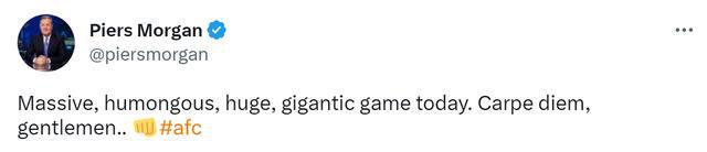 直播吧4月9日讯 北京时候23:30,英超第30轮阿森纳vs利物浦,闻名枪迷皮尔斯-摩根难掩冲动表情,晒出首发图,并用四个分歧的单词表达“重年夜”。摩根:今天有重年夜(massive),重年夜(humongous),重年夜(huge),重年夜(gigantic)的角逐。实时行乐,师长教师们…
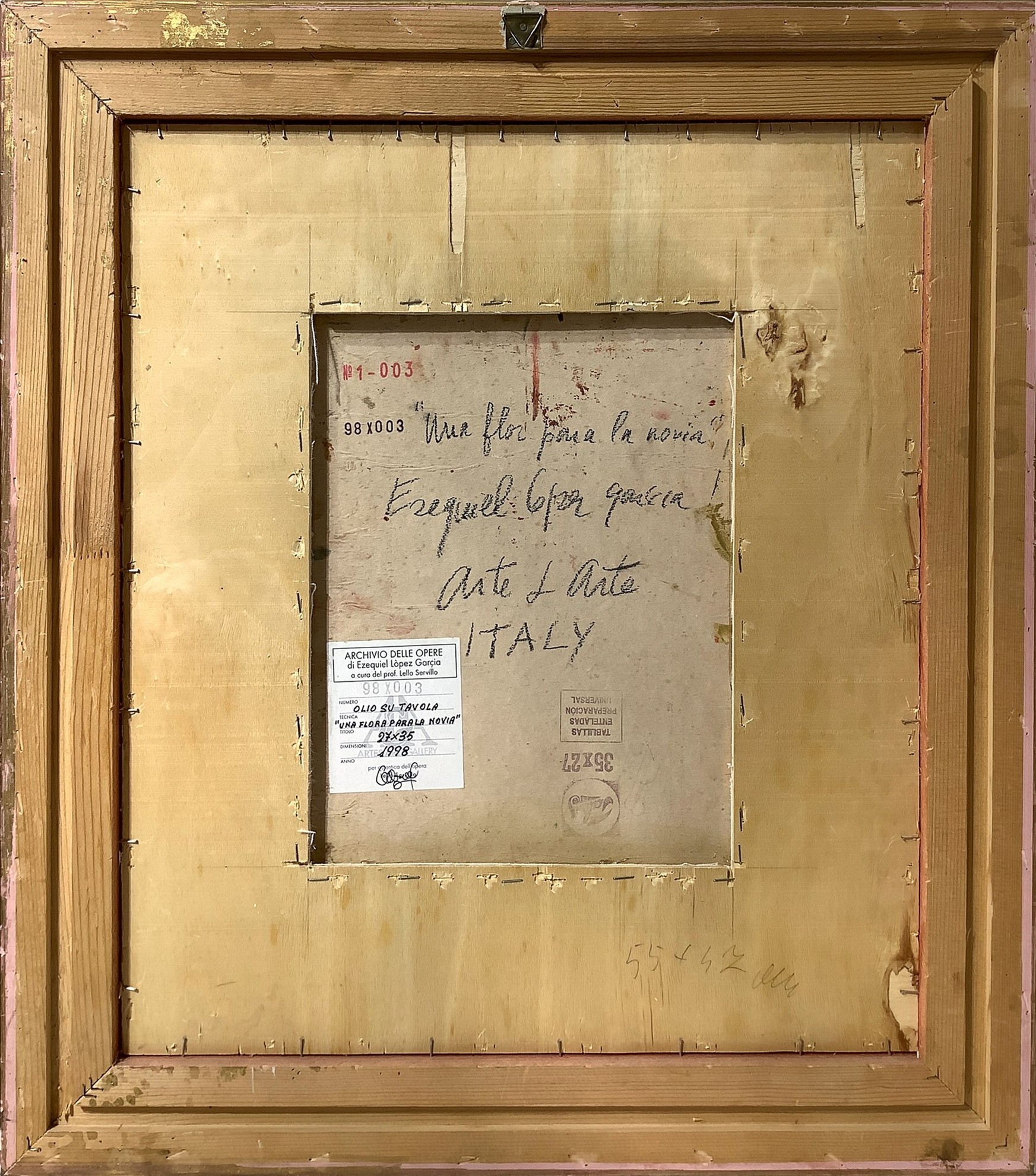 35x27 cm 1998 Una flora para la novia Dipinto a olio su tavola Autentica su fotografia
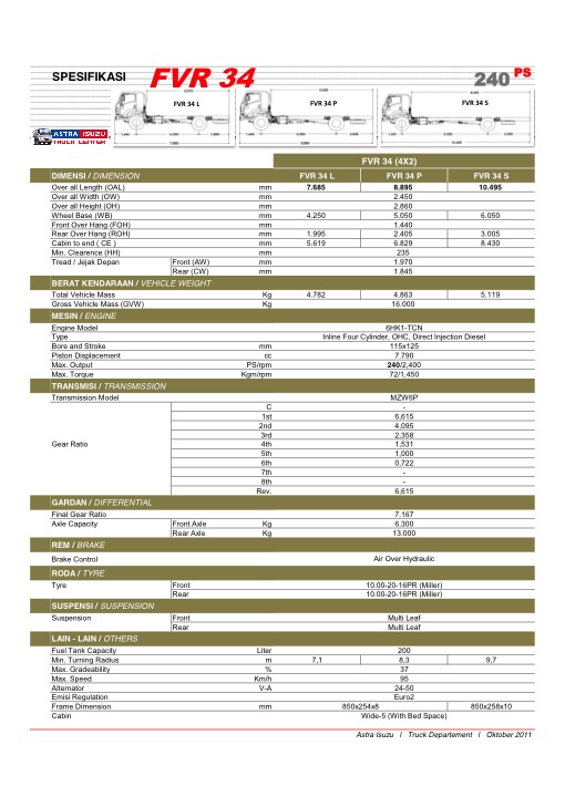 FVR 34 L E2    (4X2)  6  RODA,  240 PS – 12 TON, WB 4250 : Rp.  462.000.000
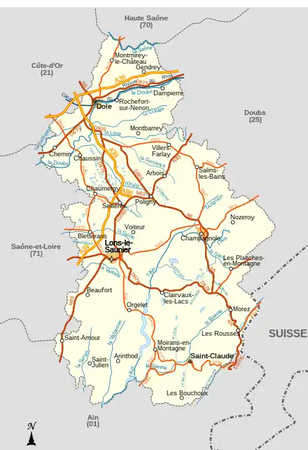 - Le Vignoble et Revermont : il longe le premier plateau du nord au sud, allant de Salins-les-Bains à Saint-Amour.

_Problem_
While leaving pictures out, reproduce exactly the lines from the beginning of the listing above through the line containing "FVR 34 L E2    (4X2)  6  RODA,  240", both ends included.

_Answer space_
 直播吧4月9日讯 北京时候23:30,英超第30轮阿森纳vs利物浦,闻名枪迷皮尔斯-摩根难掩冲动表情,晒出首发图,并用四个分歧的单词表达“重年夜”。摩根:今天有重年夜(massive),重年夜(humongous),重年夜(huge),重年夜(gigantic)的角逐。实时行乐,师长教师们…
 35x27 cm 1998 Una flora para la novia Dipinto a olio su tavola Autentica su fotografia
 FVR 34 L E2    (4X2)  6  RODA,  240 PS – 12 TON, WB 4250 : Rp.  462.000.000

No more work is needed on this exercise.